468554 - Consider adding some hardware win32 slave to the build pool (just for m-c PGO builds)

Reporter

Description

•

16 years ago

bug 428559 showed that a marked improvement in build time could be had from a hardware win32 slave vs. our current VMs. 60 minutes for a dep build vs. 2.5 hours is a huge improvement. Now certainly we can't support all hardware builders, but could we support a few fast hardware machines mixed into the pool, allocated only for mozilla-central win32 PGO builds? If you still have VM builders in the pool, then each hardware machine doesn't need Tier 1 support.

I don't know what the cost/benefit ratio is here, but it's something to think about. nthomas asked about migrating our refplatform VM to a hardware machine.

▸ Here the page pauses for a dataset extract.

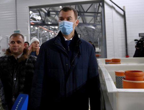 В рамках рабочей поездки по району имени Лазо губернатор Хабаровского края оценил мощности нового современного рыбоводного комплекса по разведению, производству и переработке рыбы и дал старт работе системы подачи воды и ее очистки. В апреле 2022 года здесь появятся первые мальки клариевого сома. Форель - будущей осенью.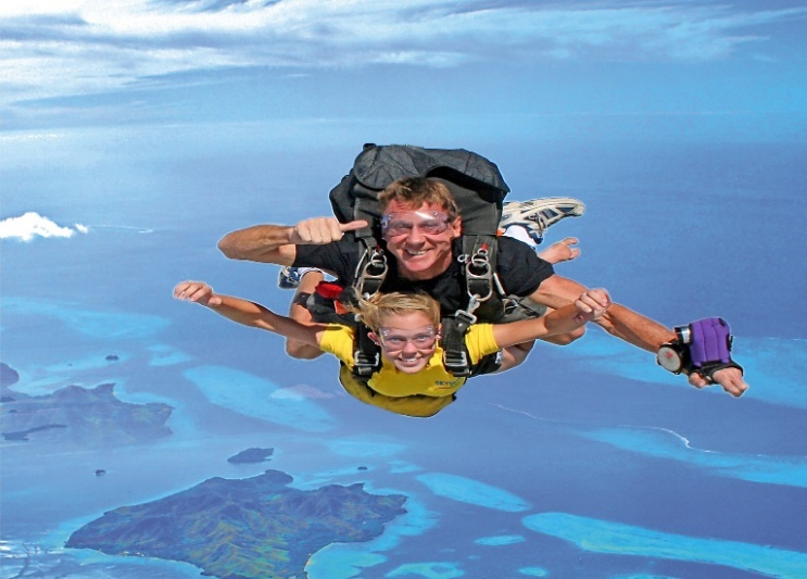 斐济的高空跳伞为情侣们提供了一次独特的浪漫冒险体验。乘坐飞机升至13,000英尺的高空,你们将手牵手一起跃出飞机,迎接令人心跳加速的自由落体。在斐济跳伞,可以俯瞰斐济群岛的绝美景色,包括碧蓝的海洋、洁白的沙滩和郁郁葱葱的热带雨林。降落伞展开时,缓慢的降落带来宁静的感受,完美地衔接了激动人心的高空跳跃。着陆后,你和心爱的人可以在斐济的海滩上共享香槟,庆祝这次充满激情与浪漫的冒险,留下美好的回忆。

The URL points at a VMWare doc describing how to to Virtual to Physical migrations, and notes that DL360s are one of the supported platforms.

Chris Cooper [:coop] (he/him)

Comment 1

•

16 years ago

Could we accomplish the same thing (or at least some improvement) by reserving some VM resources for the win32 PGO buildslaves? We just did the same thing for production-master (https://bugzilla.mozilla.org/show_bug.cgi?id=467634#c7).

(not currently active) Ted Mielczarek

Reporter

Comment 2

•

16 years ago

I don't know, it's worth testing, at least. Should be fairly easy to try it and see what the numbers look like.

bhearsum@mozilla.com (:bhearsum)

Comment 3

•

16 years ago

This might be nice to try, but I don't see it happening soon.

Component: Release Engineering → Release Engineering: Future

Mike Shaver (:shaver -- probably not reading bugmail closely)

Comment 4

•

16 years ago

It was tried in bug 428559, and showed a 60% reduction in build times.  When _do_ you see it happening, if not soon?  Late Q1? Q2? Never?

How can someone else help make it happen, if releng doesn't have cycles?  Build-feedback turnaround time is a _major_ issue for our development process right now.

(not currently active) Ted Mielczarek

Reporter

Comment 5

•

16 years ago

John:

What would you think about a Q1 goal to get one hardware machine setup as a build slave and allocated to the m-c win32 build pool? It's not going to solve our build time problems, but it would give us a feel for how much better it would be, without committing to maintaining a bunch of machines. That way, if there turn out to be serious problems with this plan, we'll have them enumerated, and can figure out ways to fix them, instead of just pushing back because we know there will be problems, but we don't know what they are.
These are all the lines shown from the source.